Segment Start: PROVIDED MATERIAL

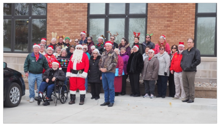
Starlighters visiting the Eastern Star Masonic Home in Boone
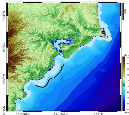
Fig. 1: Bathymetry (m) of eastern Hainan coastal waters. Blue dots indicate areas potentially flooded by sea level rise scenarios. Black triangles show the locations of fringing reefs, which potentially can also be flooded.
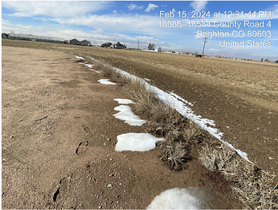
Photo 3. Photo taken of weeds (kochia) on perimeter of well pad. Photo taken facing northwest.

Segment End: PROVIDED MATERIAL

● TASK DIRECTIONS
Go through the material above and repeat it exactly. Omit the pictures.

● EXERCISE SOLUTION
Starlighters visiting the Eastern Star Masonic Home in Boone
Fig. 1: Bathymetry (m) of eastern Hainan coastal waters. Blue dots indicate areas potentially flooded by sea level rise scenarios. Black triangles show the locations of fringing reefs, which potentially can also be flooded.
Photo 3. Photo taken of weeds (kochia) on perimeter of well pad. Photo taken facing northwest.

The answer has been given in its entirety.